Officials from both countries have said they are committed to avoiding a conflict after tensions escalated Tuesday when Cambodia accused Thailand of crossing into its territory. But they have continued to mass troops on the border, and Cambodia toughened its rhetoric Thursday, saying it was ready for all “eventualities.”

Thailand raised the possibility its citizens might need to be evacuated.

The confrontation is the latest escalation of a long-standing dispute over overlapping claims to territory surrounding a historic temple near the countries’ border, which has never been fully demarcated.

The conflict came to a head last week when UNESCO approved Cambodia’s application for World Heritage Site status for Preah Vihear temple with the endorsement of Thailand’s government.

Thai anti-government protesters, who have staged daily demonstrations for nearly two months in Bangkok, have seized on the issue, accusing the government of giving away Thai land in exchange for business contracts for the cronies of toppled Prime Minister Thaksin Shinawatra. The protesters say Thai Prime Minister Samak Sundaravej is a proxy of Thaksin.

Tuesday’s troop movements followed the brief detention by Cambodia of three Thai protesters who crossed the border to visit the temple Tuesday. Cambodia sealed off access from Thailand to the temple earlier this month.

Thailand currently has more than 400 troops stationed near the temple, up from about 200 the day before, Cambodian Brig. Gen. Chea Keo said. Cambodia has about 800 troops, up from 380 on Wednesday.

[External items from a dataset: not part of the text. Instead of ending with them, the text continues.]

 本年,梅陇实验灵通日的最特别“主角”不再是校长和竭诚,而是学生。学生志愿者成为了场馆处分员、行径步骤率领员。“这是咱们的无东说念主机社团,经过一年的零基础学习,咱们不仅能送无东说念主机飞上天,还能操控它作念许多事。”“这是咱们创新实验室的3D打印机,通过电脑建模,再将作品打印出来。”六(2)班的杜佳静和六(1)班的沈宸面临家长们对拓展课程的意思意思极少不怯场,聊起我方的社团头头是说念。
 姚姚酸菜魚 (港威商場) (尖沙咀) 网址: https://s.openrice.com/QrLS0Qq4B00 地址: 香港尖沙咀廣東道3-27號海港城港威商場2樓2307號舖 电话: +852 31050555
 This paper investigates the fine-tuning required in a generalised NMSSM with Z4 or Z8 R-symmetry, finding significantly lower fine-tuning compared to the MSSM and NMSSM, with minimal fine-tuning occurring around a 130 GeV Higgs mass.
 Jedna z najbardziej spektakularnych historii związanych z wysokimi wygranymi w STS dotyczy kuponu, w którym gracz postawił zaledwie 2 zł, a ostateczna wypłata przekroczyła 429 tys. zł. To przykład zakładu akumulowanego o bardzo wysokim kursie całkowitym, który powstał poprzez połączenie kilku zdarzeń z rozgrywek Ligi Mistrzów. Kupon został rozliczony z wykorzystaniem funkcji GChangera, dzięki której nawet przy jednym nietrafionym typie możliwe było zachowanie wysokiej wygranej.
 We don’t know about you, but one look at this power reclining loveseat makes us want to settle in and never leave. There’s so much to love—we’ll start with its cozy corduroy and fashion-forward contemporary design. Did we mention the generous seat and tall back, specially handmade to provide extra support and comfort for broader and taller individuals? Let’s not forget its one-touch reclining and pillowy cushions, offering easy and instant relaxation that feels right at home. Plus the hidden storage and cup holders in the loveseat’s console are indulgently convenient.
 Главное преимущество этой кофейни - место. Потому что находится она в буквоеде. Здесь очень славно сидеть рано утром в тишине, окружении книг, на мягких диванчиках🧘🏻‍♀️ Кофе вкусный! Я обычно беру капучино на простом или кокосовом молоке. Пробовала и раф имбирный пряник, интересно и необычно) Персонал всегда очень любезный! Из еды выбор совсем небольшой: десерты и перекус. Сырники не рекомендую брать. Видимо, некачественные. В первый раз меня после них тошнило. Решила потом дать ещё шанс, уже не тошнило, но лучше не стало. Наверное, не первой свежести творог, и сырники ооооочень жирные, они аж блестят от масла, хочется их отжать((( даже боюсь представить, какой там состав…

A senior Thai military official acknowledged Wednesday that the troops are on “disputed” ground, despite official statements that they are on Thai territory. He spoke on condition of anonymity, citing the sensitivity of the situation.

In a letter to his Thai counterpart seen by The Associated Press, Cambodian Prime Minister Hun Sen urged Thailand to withdraw its troops from the border area.

Thailand’s Air Chief Marshal Chalit Phukbhasuk said the air force was prepared to fly Thai nationals out of Cambodia if the dispute worsened.

Despite the potential for a flare-up and the official rhetoric, both sides said they would not use force unless attacked, and the atmosphere around the temple was generally relaxed.

Cambodian soldiers snapped photographs of their opponents just yards (meters) away and some tourists, including an American woman, visited the spectacular site.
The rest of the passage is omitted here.